As Jesus says in v.25 of the gospel, ‘these things are hidden from the wise and intelligent but revealed to infants’. It is possible to overthink guidance, to worry too much about the right thing to do. But if we are humble then the path can be more easily revealed to us.

Prayerful obedience means we get used to hearing the voice of God. In my last parish I was doing some visiting. As I walked past one house, I felt the nudge of God – go and knock on that door. But it was getting late, there wasn’t really time so I carried on home. Next time I was that way I felt God prod me again. Harder this time. I knew the people there had moved in recently but it wasn’t that long ago, surely they could wait and I was in a hurry.

A week or so later, same place, but this time more like a command ‘Go and knock on that door’. The guy opened it, looked surprised but also relieved. ‘Ah, you must have heard about my wife. The cancer is quite bad now. Come on in.’ I didn’t know their situation, but God did, and eventually managed to get through to me! ….

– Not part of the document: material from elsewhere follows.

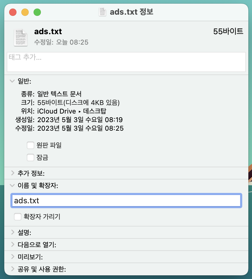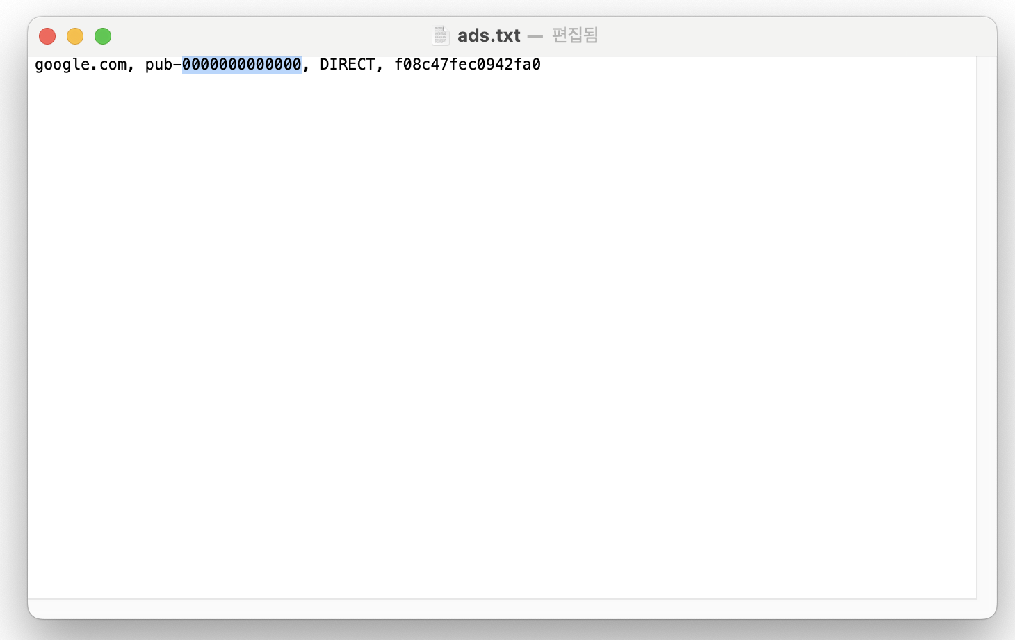 "ads.txt" 파일명으로 텍스트 파일을 생성해 줍니다. txt는 확장자임으로 유의해주시기 바랍니다. 또 저는 Mac OS에서 진행한 내용을 공유드리겠습니다. 본인의 ads정보를 불러와줍니다. 아래와 같이 내용이 복사될 것입니다. pub- 뒤의 번호가 본인의 고유 번호이며 이 번호는 구글 애드센스 홈페이지 왼쪽계, 계정 -> 설정 -> 계정 정보 탭에서 게시자 ID와 동일함을 확인합니다. 아래의 하이라이트 처리된 00000... 번호로 되어있는 부분이 고유의 아이디로 확인되실 겁니다. 개인정보보호를 위해 00000으로 표시한 점 이해부탁드립니다.
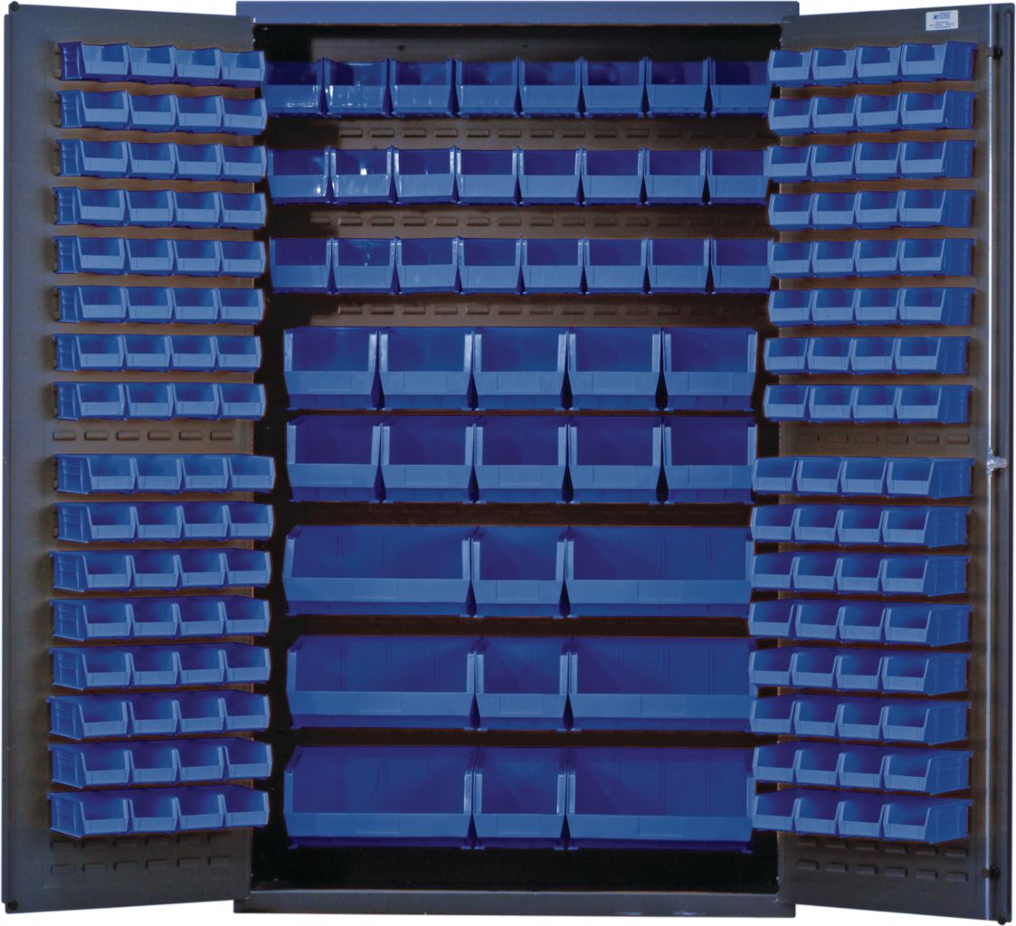 48IN LOCKING STEEL CABINET W/ BLUE BINS ,Each

Perhaps sometimes we also need to repent of our willfulness, entrust our future to God and actually trust him. There’s no point praying for guidance if we’re not prepared for the answer, if we’ll only accept it if it fits our existing dreams.

That’s the point Jesus makes in the Gospel reading, 18 and 19. ‘John came eating and drinking and they said ‘He has a demon’, but the Son of Man came eating and drinking and they say ‘Look a glutton and a drunkard.’’ The people’s hearts were in the wrong place, so they couldn’t respond to the message of John and Jesus. The crowd were judging, condemning, contrary, not open to God’s voice. When we seek guidance it’s good to ask God to purify our hearts too, make us ready.

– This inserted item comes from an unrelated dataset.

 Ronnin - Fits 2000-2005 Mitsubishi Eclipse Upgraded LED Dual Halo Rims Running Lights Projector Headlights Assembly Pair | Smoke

So the Bible guides us generally, prayer helps us listen to the voice of God. Sometimes God guides us using signs. In v.43 and 44 the servant suggests to God a sign to point him to the right young woman. And God graciously grants it. We might also remember Gideon’s fleece. Both of these signs are given to people who humbly seek reassurance, who really don’t know what to do. And it can be legitimate for us to ask for a sign – as long as we are humble and not putting God to the test.

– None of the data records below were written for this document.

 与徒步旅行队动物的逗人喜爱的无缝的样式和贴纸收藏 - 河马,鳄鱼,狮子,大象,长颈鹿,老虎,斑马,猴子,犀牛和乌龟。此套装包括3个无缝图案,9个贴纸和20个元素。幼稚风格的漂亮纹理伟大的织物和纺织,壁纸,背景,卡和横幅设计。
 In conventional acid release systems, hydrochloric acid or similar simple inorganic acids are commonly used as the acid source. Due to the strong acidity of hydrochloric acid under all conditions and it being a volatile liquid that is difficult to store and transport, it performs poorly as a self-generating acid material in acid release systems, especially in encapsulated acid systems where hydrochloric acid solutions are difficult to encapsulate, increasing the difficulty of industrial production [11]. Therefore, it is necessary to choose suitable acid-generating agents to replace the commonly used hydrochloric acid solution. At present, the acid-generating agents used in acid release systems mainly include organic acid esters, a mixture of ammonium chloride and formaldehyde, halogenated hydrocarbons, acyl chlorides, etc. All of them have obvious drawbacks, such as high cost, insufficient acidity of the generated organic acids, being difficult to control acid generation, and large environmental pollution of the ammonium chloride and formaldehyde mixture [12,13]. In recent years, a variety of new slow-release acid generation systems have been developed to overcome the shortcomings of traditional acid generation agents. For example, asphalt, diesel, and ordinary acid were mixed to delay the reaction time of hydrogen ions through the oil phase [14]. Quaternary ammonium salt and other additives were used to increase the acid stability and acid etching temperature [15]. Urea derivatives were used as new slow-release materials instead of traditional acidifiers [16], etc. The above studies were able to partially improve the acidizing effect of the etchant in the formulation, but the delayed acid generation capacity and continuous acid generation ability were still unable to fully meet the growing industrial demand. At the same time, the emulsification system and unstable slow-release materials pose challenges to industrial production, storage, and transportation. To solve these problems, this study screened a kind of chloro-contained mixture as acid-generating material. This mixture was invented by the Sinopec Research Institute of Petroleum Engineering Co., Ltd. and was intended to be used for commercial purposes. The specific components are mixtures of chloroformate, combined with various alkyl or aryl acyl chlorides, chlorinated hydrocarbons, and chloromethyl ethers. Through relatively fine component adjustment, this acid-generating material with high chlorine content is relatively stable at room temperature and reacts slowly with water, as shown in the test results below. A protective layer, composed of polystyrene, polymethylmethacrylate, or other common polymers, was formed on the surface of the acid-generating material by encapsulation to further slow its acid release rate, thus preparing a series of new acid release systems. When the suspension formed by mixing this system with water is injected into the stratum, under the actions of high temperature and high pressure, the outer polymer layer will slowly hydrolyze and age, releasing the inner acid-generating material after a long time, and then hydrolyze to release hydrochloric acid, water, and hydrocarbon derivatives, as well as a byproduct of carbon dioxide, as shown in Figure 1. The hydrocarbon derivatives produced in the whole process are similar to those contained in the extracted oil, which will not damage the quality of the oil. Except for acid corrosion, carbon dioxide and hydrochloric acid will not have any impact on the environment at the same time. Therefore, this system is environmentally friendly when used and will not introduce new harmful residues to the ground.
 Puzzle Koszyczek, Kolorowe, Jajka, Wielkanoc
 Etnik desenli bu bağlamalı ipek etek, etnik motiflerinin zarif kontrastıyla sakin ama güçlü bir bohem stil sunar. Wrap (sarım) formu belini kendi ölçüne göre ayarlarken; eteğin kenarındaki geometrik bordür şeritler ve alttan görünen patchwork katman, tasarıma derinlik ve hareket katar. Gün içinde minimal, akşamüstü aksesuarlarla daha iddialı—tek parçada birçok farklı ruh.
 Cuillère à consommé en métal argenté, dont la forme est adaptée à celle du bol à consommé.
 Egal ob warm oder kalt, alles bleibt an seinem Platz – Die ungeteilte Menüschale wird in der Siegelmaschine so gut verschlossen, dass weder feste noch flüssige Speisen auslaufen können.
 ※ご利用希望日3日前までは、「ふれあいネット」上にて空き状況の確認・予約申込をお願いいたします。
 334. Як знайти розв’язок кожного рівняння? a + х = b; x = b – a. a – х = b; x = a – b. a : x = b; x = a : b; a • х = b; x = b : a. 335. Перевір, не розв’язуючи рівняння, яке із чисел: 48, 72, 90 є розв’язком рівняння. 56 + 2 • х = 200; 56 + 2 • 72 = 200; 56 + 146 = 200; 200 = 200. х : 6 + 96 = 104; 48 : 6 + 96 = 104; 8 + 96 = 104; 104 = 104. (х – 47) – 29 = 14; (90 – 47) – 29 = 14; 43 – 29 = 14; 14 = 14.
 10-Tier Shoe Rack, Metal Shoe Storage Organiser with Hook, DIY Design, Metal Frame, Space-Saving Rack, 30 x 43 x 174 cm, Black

In his ‘Sacred Diary’ the Christian writer Adrian Plass feels he ought to go carol singing with the church. But he’d like to stay at home and watch the Bond film. So he asks for a sign: ‘Lord, if the doorbell rings at 9.04 pm and it’s someone dressed in the uniform of a Japanese Admiral, I’ll know you want me to go carol singing.’

The sign the servant asks for works because it’s about character. In v.44 the right woman is the one who gives the servant a drink and offers to water his camels too. Given that a mature camel can drink 30 gallons, and the servant had ten of them, that’s a lot of water! Rebekah is a woman who is practical, strong, thoughtful and kind.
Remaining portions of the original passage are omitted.